=== Section Start ===

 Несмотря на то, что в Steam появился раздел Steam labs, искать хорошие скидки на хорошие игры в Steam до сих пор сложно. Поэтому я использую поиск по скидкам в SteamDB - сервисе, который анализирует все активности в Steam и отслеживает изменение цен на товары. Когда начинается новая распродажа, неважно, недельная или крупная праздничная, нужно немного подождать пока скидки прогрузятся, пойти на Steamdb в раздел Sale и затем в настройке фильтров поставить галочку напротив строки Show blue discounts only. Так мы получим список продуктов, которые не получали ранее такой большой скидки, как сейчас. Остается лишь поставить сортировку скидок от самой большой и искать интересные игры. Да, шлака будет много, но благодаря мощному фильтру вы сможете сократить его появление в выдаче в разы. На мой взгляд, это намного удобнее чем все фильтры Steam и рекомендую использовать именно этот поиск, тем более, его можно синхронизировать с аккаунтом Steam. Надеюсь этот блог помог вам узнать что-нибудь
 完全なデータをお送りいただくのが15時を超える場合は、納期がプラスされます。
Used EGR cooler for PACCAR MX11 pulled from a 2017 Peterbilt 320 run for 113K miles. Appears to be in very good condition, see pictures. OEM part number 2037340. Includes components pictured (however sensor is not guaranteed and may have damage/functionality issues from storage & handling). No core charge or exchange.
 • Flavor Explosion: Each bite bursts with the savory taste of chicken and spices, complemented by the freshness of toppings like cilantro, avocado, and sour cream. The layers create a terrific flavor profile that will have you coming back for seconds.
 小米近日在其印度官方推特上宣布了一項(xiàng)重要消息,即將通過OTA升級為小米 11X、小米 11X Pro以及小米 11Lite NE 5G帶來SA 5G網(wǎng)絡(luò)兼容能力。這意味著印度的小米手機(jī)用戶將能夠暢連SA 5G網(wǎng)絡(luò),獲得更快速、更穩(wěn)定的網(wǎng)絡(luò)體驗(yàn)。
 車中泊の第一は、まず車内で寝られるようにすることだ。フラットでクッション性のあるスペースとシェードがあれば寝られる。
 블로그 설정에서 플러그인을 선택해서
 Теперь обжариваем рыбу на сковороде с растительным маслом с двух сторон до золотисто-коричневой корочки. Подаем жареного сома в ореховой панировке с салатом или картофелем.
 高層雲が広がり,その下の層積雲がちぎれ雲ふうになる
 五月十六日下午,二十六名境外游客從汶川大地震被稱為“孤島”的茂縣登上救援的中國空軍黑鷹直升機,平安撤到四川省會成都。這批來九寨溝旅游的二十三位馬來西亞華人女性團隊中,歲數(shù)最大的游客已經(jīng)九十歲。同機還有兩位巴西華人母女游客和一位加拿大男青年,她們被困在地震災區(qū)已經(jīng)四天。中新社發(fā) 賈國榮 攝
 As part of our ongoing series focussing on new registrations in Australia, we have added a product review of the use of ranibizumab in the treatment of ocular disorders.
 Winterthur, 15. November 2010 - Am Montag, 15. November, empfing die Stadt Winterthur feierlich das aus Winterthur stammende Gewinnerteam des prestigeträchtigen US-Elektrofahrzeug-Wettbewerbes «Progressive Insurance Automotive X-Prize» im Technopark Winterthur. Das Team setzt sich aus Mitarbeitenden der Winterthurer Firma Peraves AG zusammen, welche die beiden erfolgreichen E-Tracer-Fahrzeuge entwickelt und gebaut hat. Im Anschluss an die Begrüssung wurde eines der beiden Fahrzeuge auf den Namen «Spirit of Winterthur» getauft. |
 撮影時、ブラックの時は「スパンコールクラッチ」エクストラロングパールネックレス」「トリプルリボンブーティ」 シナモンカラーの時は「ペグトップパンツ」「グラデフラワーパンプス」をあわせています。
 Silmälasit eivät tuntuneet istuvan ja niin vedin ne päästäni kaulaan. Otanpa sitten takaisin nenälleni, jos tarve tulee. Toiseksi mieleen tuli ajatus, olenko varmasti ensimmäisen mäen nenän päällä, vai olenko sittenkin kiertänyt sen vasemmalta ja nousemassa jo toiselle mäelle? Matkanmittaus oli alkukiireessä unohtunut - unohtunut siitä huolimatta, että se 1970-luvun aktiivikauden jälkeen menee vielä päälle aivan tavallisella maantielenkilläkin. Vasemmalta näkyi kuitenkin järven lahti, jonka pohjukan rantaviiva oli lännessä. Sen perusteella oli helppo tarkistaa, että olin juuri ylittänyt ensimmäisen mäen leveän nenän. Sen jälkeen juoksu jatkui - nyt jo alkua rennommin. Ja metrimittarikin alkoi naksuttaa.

=== Section End ===

Restate every record above, exactly, in full.

 Несмотря на то, что в Steam появился раздел Steam labs, искать хорошие скидки на хорошие игры в Steam до сих пор сложно. Поэтому я использую поиск по скидкам в SteamDB - сервисе, который анализирует все активности в Steam и отслеживает изменение цен на товары. Когда начинается новая распродажа, неважно, недельная или крупная праздничная, нужно немного подождать пока скидки прогрузятся, пойти на Steamdb в раздел Sale и затем в настройке фильтров поставить галочку напротив строки Show blue discounts only. Так мы получим список продуктов, которые не получали ранее такой большой скидки, как сейчас. Остается лишь поставить сортировку скидок от самой большой и искать интересные игры. Да, шлака будет много, но благодаря мощному фильтру вы сможете сократить его появление в выдаче в разы. На мой взгляд, это намного удобнее чем все фильтры Steam и рекомендую использовать именно этот поиск, тем более, его можно синхронизировать с аккаунтом Steam. Надеюсь этот блог помог вам узнать что-нибудь
 完全なデータをお送りいただくのが15時を超える場合は、納期がプラスされます。
Used EGR cooler for PACCAR MX11 pulled from a 2017 Peterbilt 320 run for 113K miles. Appears to be in very good condition, see pictures. OEM part number 2037340. Includes components pictured (however sensor is not guaranteed and may have damage/functionality issues from storage & handling). No core charge or exchange.
 • Flavor Explosion: Each bite bursts with the savory taste of chicken and spices, complemented by the freshness of toppings like cilantro, avocado, and sour cream. The layers create a terrific flavor profile that will have you coming back for seconds.
 小米近日在其印度官方推特上宣布了一項(xiàng)重要消息,即將通過OTA升級為小米 11X、小米 11X Pro以及小米 11Lite NE 5G帶來SA 5G網(wǎng)絡(luò)兼容能力。這意味著印度的小米手機(jī)用戶將能夠暢連SA 5G網(wǎng)絡(luò),獲得更快速、更穩(wěn)定的網(wǎng)絡(luò)體驗(yàn)。
 車中泊の第一は、まず車内で寝られるようにすることだ。フラットでクッション性のあるスペースとシェードがあれば寝られる。
 블로그 설정에서 플러그인을 선택해서
 Теперь обжариваем рыбу на сковороде с растительным маслом с двух сторон до золотисто-коричневой корочки. Подаем жареного сома в ореховой панировке с салатом или картофелем.
 高層雲が広がり,その下の層積雲がちぎれ雲ふうになる
 五月十六日下午,二十六名境外游客從汶川大地震被稱為“孤島”的茂縣登上救援的中國空軍黑鷹直升機,平安撤到四川省會成都。這批來九寨溝旅游的二十三位馬來西亞華人女性團隊中,歲數(shù)最大的游客已經(jīng)九十歲。同機還有兩位巴西華人母女游客和一位加拿大男青年,她們被困在地震災區(qū)已經(jīng)四天。中新社發(fā) 賈國榮 攝
 As part of our ongoing series focussing on new registrations in Australia, we have added a product review of the use of ranibizumab in the treatment of ocular disorders.
 Winterthur, 15. November 2010 - Am Montag, 15. November, empfing die Stadt Winterthur feierlich das aus Winterthur stammende Gewinnerteam des prestigeträchtigen US-Elektrofahrzeug-Wettbewerbes «Progressive Insurance Automotive X-Prize» im Technopark Winterthur. Das Team setzt sich aus Mitarbeitenden der Winterthurer Firma Peraves AG zusammen, welche die beiden erfolgreichen E-Tracer-Fahrzeuge entwickelt und gebaut hat. Im Anschluss an die Begrüssung wurde eines der beiden Fahrzeuge auf den Namen «Spirit of Winterthur» getauft. |
 撮影時、ブラックの時は「スパンコールクラッチ」エクストラロングパールネックレス」「トリプルリボンブーティ」 シナモンカラーの時は「ペグトップパンツ」「グラデフラワーパンプス」をあわせています。
 Silmälasit eivät tuntuneet istuvan ja niin vedin ne päästäni kaulaan. Otanpa sitten takaisin nenälleni, jos tarve tulee. Toiseksi mieleen tuli ajatus, olenko varmasti ensimmäisen mäen nenän päällä, vai olenko sittenkin kiertänyt sen vasemmalta ja nousemassa jo toiselle mäelle? Matkanmittaus oli alkukiireessä unohtunut - unohtunut siitä huolimatta, että se 1970-luvun aktiivikauden jälkeen menee vielä päälle aivan tavallisella maantielenkilläkin. Vasemmalta näkyi kuitenkin järven lahti, jonka pohjukan rantaviiva oli lännessä. Sen perusteella oli helppo tarkistaa, että olin juuri ylittänyt ensimmäisen mäen leveän nenän. Sen jälkeen juoksu jatkui - nyt jo alkua rennommin. Ja metrimittarikin alkoi naksuttaa.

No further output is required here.